Assuming a pre-existing knowledge of key distribution, Google's sorting implementation completed the sorting in 891 Seconds, as opposed to the current record, coming in at 1057 Seconds.
The implementation searched through 1 TB data in ~150 seconds, including around 60 seconds of startup time. Some delays and overheads were due to -
- Interactions with GFS
- getting the program to newly assigned machines
MapReduce at Google
A graph showing the usage of MapReduce at Google
This was obviously a game-changer for Google, who began to use MapReduce not only for their production indexing system, but also for multiple other Google Services.
Their production indexing system crawled through 20TB of Data using MapReduce, with around Five to Ten passes of MapReduce for the entire indexing job. The same system went from around 3800 Lines of C++, to around 700 Lines when used with MapReduce.
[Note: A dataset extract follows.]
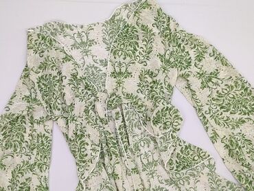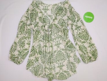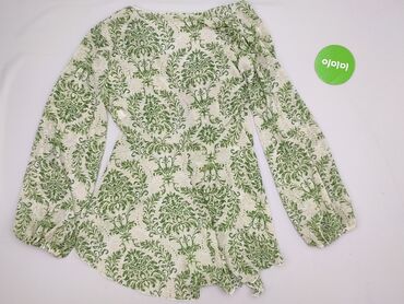 Bluzka damska SHEIN z tropikalnym nadrukiem - Marka: SHEIN - Rozmiar: S (EU 36, US 4 – metka na zdjęciu) - Krój: luźny, bez zapięcia, otwarty przód z wydłużonymi połami do wiązania; krótkie, opada...
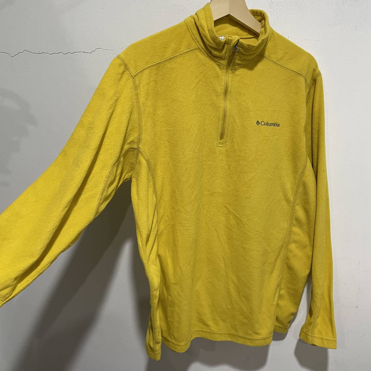 コロンビアのハーフジップフリースになります。綺麗なイエロー系のカラーがオシャレです。薄手のタイプですのでインナーにも最適です。一枚でもレイヤードにもおすすめです。この機会にぜひ。

Lastly, it allowed programmers who aren't distributed systems experts to take advantage of the infrastructure that Google has, as it abstracts away all the fault tolerance, parallelization, locality optimization and load-balancing details from the programmer. Since it focussed specifically on reducing network bandwidth usage, it allowed Google to deploy it at the scale we saw it run.
Assumptions and Limitations
- Assume functions being passed as Map and Reduce functions do not depend on Global State
- Assumes the Supervisor node can make scheduling decisions at scale - must make
O(M + R)scheduling decisions, and must keep
O(M * R)state in memory.
- Google's implementation assumes the task is restarted if the Supervisor Node fails
- No guarantee of similar performance in sorting benchmarks without prior knowledge of key distribution
This was my first ever paper review! If you liked it, do reach out to me to let me know what you think about it. I've got papers in mind that I want to cover, but if you find a paper you think is really cool, please don't hesitate to reach out!
As a paper, this one was super well-written, and I found my questions having been answered before I knew I had them. 10/10 recommended read.